¿Dónde está la llave? Matarile, rile, rile… A saber. A saber dónde. No es fácil. No hay detector de metales que dé con ella. Desde aquél día en que un mal nacido la tiró por la borda de su yate en alta mar, no ha habido Cousteau que la rescate. Y mira que hay currelas que se pasan horas ideando planes para dar con ella, pero nada. Por ende, la puerta sigue cerrada.
El senegalés, Ismael Lo, ya vino el año pasado en busca de la llave por estos mares de tierras calmas y llanas, y lo intentó. No sé yo si dio mucho resultado. Al menos, Mendizorrotza estuvo lleno. La gente se unió a la búsqueda. Este año, el viernes pasado, 28 de marzo, Akli D ha repetido empresa. Todo sea por una buena causa. La música es un buen cepo en la lucha contra el racismo y la xenofobia. A ver si un año de estos el monstruo pica.
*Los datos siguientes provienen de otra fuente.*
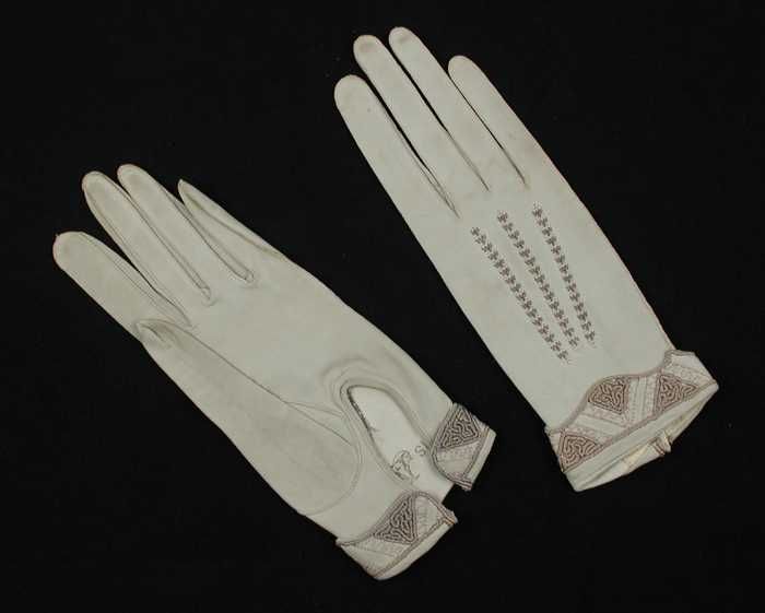 Paar korte dameshandschoenen van lichtgrijs glacé-le...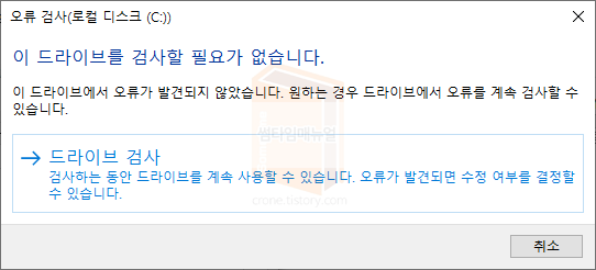 - 디스크 검사 실행 하기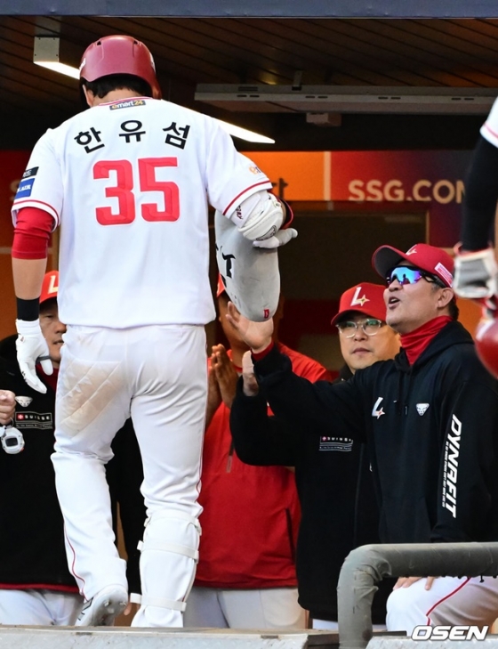 홈런 1위 최정과 타율 1위 길레르모 에레디아가 있음에도 한유섬의 공백은 크게만 느껴졌다. 한유섬의 공백이 크게 느껴졌냐는 질문에 이 감독은 "솔직히 말씀드리면 (티가) 많이 났다. (하)재훈이와 (오)태곤이도 그렇고 해줘야 할 선수들이 못해줬다"며 "그래도 일요일에 두 번째 경기에서 (고)명준이도 그렇고 조금 살아나서 이번주는 좋아질 것이라고 생각한다. 유섬이가 와서 든든한 면도 있다"고 털어놨다.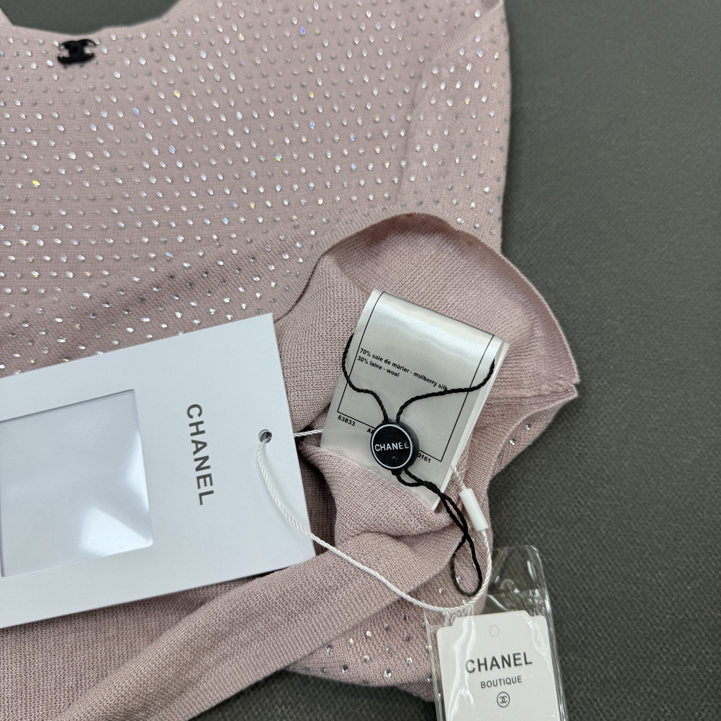 這款衣服是AAAAA 1:1 質量(非常棒). 使用了和原版一模一樣的材料. 商標部分也保持了和香奈兒/Chanel一樣. 圖片拍攝是實物衣服拍攝, 您所收到的實物保證和我們圖片一模一樣.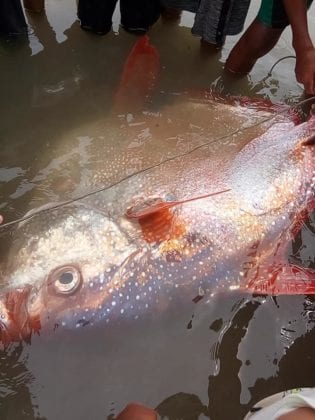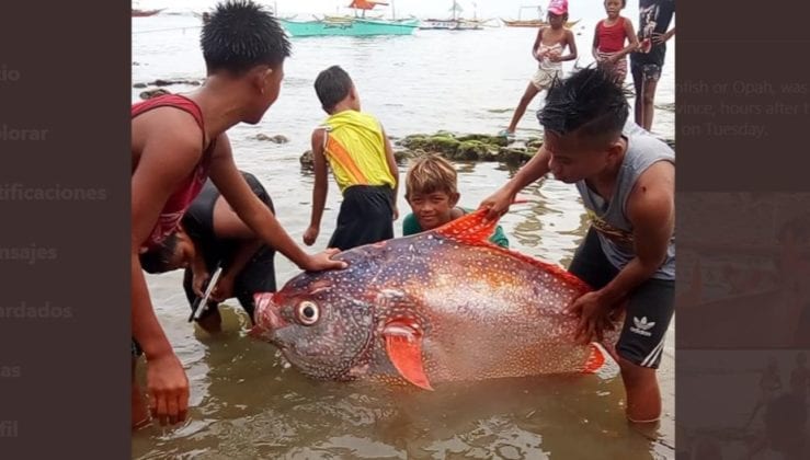 Pescadores de la isla de Tubabao lograron capturar a un enorme ‘Lampris guttatus’, conocido como pez luna real, después de un terremoto de magnitud 6.6 que se registró el martes pasado en la provincia filipina de Masbate.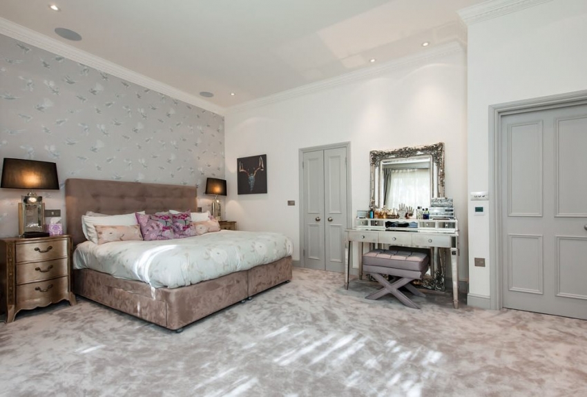 Untuk menghias dalaman yang cantik dengan warna kelabu di bilik tidur yang luas, disarankan untuk memilih bahan penamat yang dihiasi dengan hiasan hiasan dan gambar bersaiz besar. Penyelesaian yang menguntungkan ialah menggunakan kertas dinding dengan bunga untuk dinding, serta bentuk dan garis geometri. Penggunaan gambar dan cetakan abstrak dalam gaya klasik dibenarkan.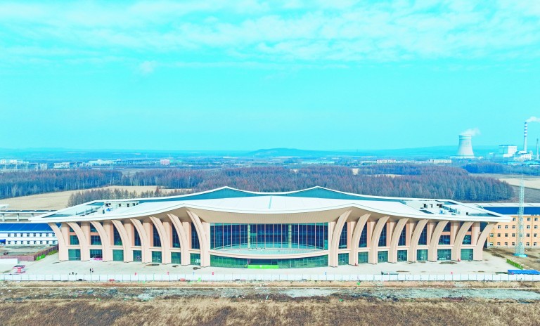 10月25日,由中铁建设承建、铁五院咨询的我国在建最北高铁站伊春西站站房外立面正式亮相,标志着我国在建最北高铁哈伊高铁建设取得新突破。伊春西站总建筑面积19985平方米,站台规模2台4线,外观设计以“林海雪原 松韵龙腾”为主题。该站是我国目前在建纬度最高、地域温差最大的高铁站房,也是哈伊高铁全线规模最大站房。王 舒 摄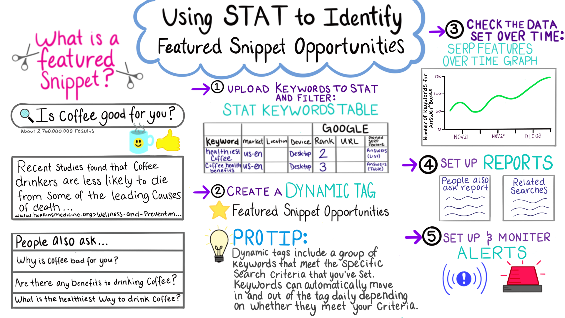 I recommend setting up alerts for this. STAT lets you do this so you’ll be notified any time your ranking goes up or down for your featured snippet target keywords, meaning you’re not going to miss seeing an opportunity. I hope this has been helpful and you’re feeling more prepared to try some of this.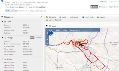 Al final han sido 42,21 kilómetros en 3h 55m con 661 metros de ascenso.

Total, que estábamos allí 25 coma dos y el de los geranios del séptimo (traducido, que había bastante gente, pero también espacio para bailar y vernos las caras) bailando y dando brincos sin desmesuras (que esto es Vitoria, claro). Pero no crean, había muy buen ambiente. En primera fila, bajo el escenario, un grupo de nor-africanos bailaba alegremente. Todos hombres, sin dulzor femenino, bailaban e invitaban a la gente a seguir los ritmos. Fue exótico. En la calle no se aprecian estas cosas.
Así que formábamos un revuelto más peculiar que las ensaladas veraniegas de Arguiñano: desde níveos trasnochados, hasta la piel más azabache. Todos movimos nuestros anquilosados traseros con los ritmos de Akli D.
Mientras bailabas, te mirabas con el de adelante, que se giraba para pedirte disculpas por pisarte, con el de atrás, porque te girabas para pedirle disculpas por pisarle, con el de al lado, porque se le caía el abrigo y se lo recogías, y con el del otro lado, porque se te caía un poco de bebida, con el meneo, y que menos que un "lo siento". Las miradas volaban. Hablaban. Todos buscábamos la llave. Buceábamos en ese mar de diferencias, donde nuestros dioses, tradiciones, lenguas y colores nos separan tanto, aún viviendo unos al lado de otros. Buceábamos, sonreíamos, y nos dábamos esperanzas cediéndonos espacio para el baile, respetando el aliento, compartiendo la música. Navegábamos en el mismo barco. Una misma tripulación, buscando la llave que abre la puerta contra el racismo.
Akli D finalizó. Vino el silencio. Las miradas se recogieron. Desalojamos la sala. No sé si alguien encontró la llave pero, no hubo celebración de hallazgo: la mezcla se disolvió. De allí, cada uno partió por su camino. Fin del viaje. ¿Y la llave? Sigo buscando.